TASK DIRECTIONS ▸
Look through the entries below and copy exactly the part that begins with the line containing "i kinda wish" and ends with the line containing "Each menu revealed". Do not copy the pictures.

THE DATA ▸
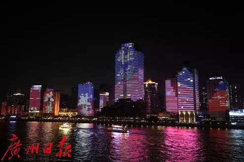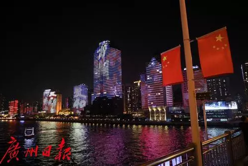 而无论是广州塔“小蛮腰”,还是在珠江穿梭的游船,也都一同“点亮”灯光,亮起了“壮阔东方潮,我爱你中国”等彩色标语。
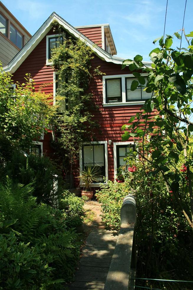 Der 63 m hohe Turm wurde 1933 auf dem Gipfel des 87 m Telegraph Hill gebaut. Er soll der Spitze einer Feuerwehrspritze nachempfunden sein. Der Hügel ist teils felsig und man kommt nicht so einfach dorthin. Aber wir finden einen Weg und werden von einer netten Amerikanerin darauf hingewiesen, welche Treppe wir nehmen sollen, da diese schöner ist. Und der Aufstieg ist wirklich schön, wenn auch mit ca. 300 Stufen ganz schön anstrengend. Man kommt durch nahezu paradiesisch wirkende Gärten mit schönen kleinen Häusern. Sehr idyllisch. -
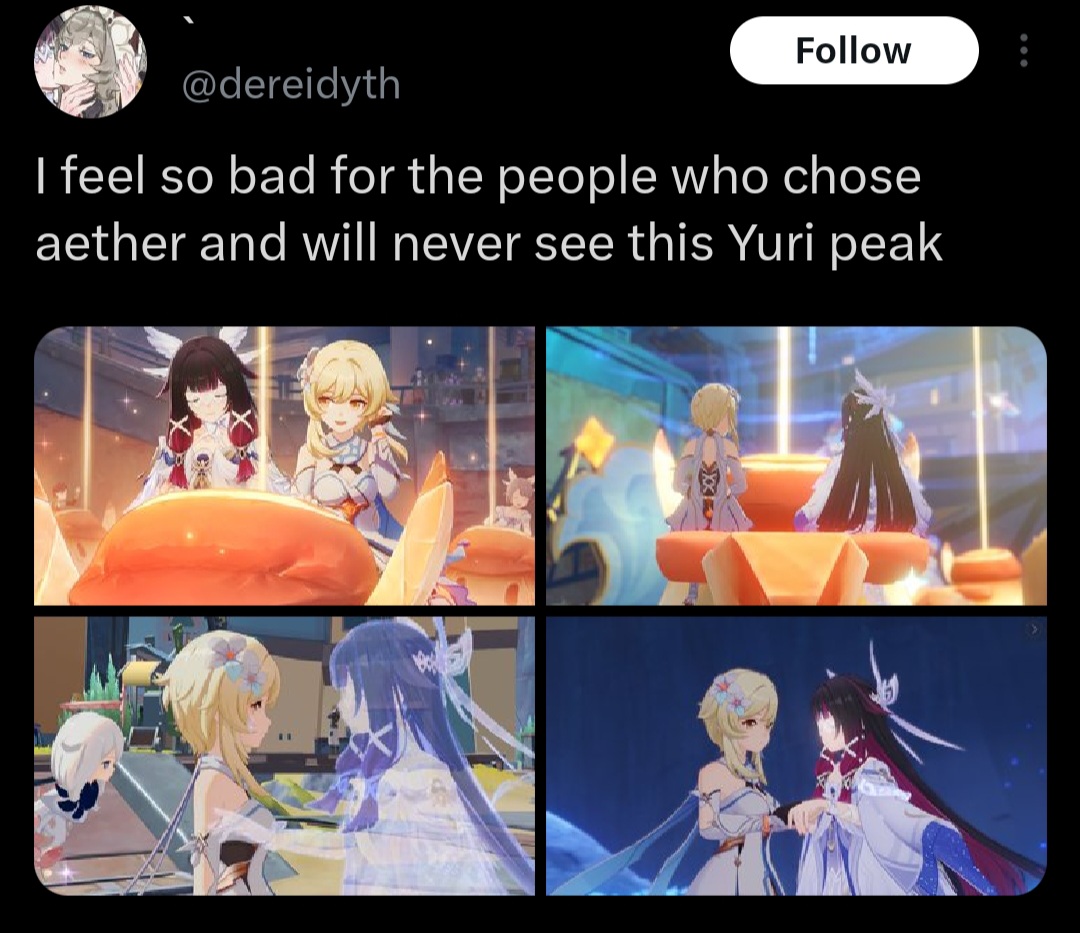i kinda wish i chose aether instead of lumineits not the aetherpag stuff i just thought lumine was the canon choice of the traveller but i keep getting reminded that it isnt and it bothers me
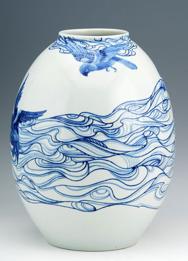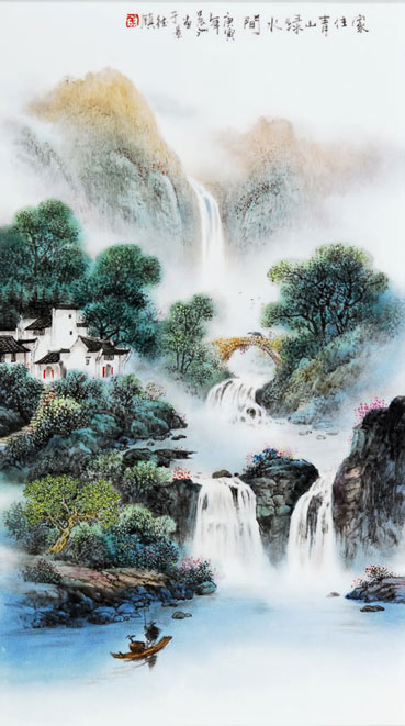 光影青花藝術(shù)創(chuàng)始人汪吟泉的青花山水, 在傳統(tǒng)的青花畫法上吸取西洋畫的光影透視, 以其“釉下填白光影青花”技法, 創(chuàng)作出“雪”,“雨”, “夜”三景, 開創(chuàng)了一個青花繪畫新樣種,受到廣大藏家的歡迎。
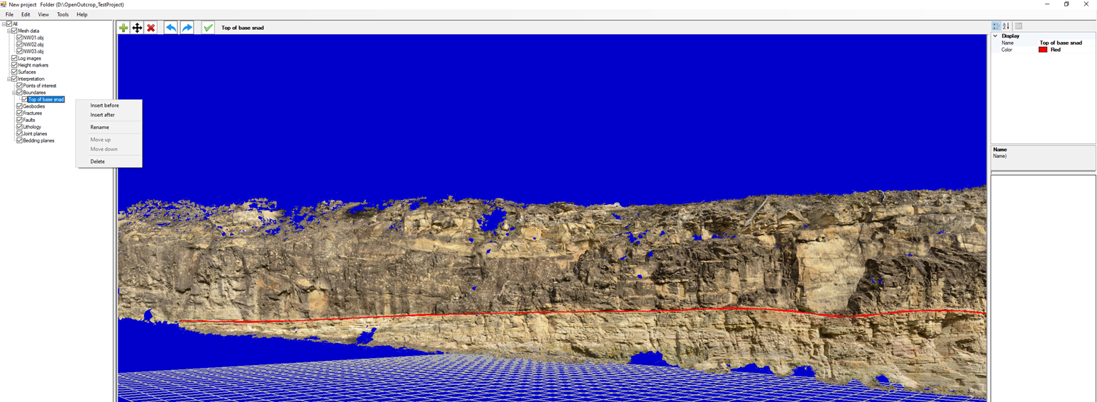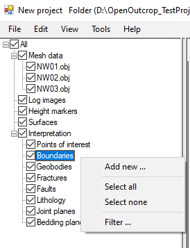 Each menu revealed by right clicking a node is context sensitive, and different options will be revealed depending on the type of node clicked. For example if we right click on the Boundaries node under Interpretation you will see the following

==

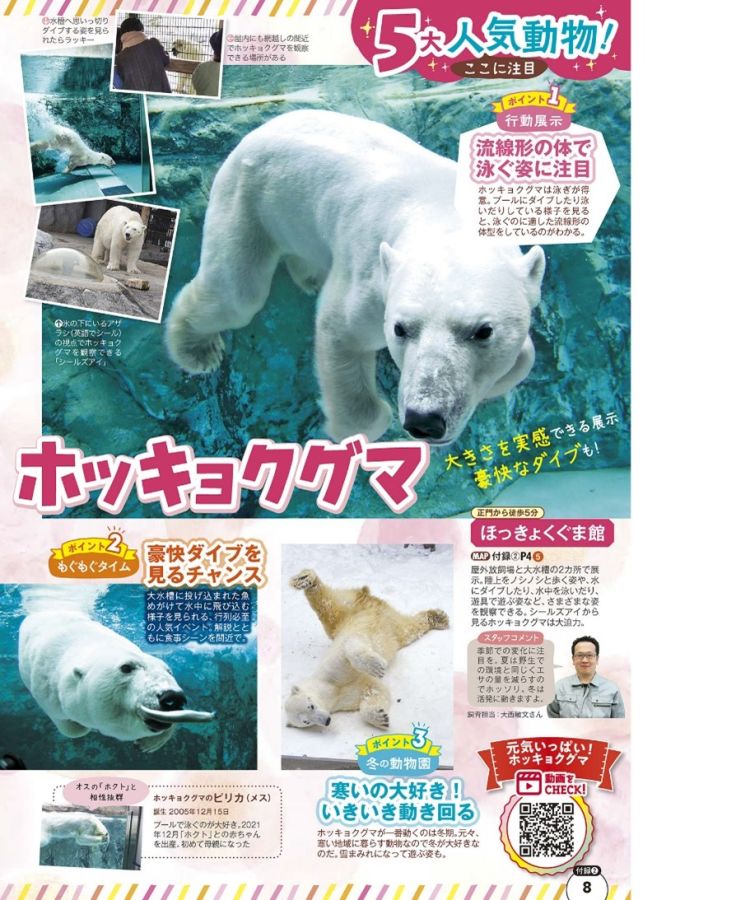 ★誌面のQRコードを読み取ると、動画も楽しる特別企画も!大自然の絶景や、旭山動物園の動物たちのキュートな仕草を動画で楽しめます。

PROBLEM SOLUTION ▸
i kinda wish i chose aether instead of lumineits not the aetherpag stuff i just thought lumine was the canon choice of the traveller but i keep getting reminded that it isnt and it bothers me
 光影青花藝術(shù)創(chuàng)始人汪吟泉的青花山水, 在傳統(tǒng)的青花畫法上吸取西洋畫的光影透視, 以其“釉下填白光影青花”技法, 創(chuàng)作出“雪”,“雨”, “夜”三景, 開創(chuàng)了一個青花繪畫新樣種,受到廣大藏家的歡迎。
 Each menu revealed by right clicking a node is context sensitive, and different options will be revealed depending on the type of node clicked. For example if we right click on the Boundaries node under Interpretation you will see the following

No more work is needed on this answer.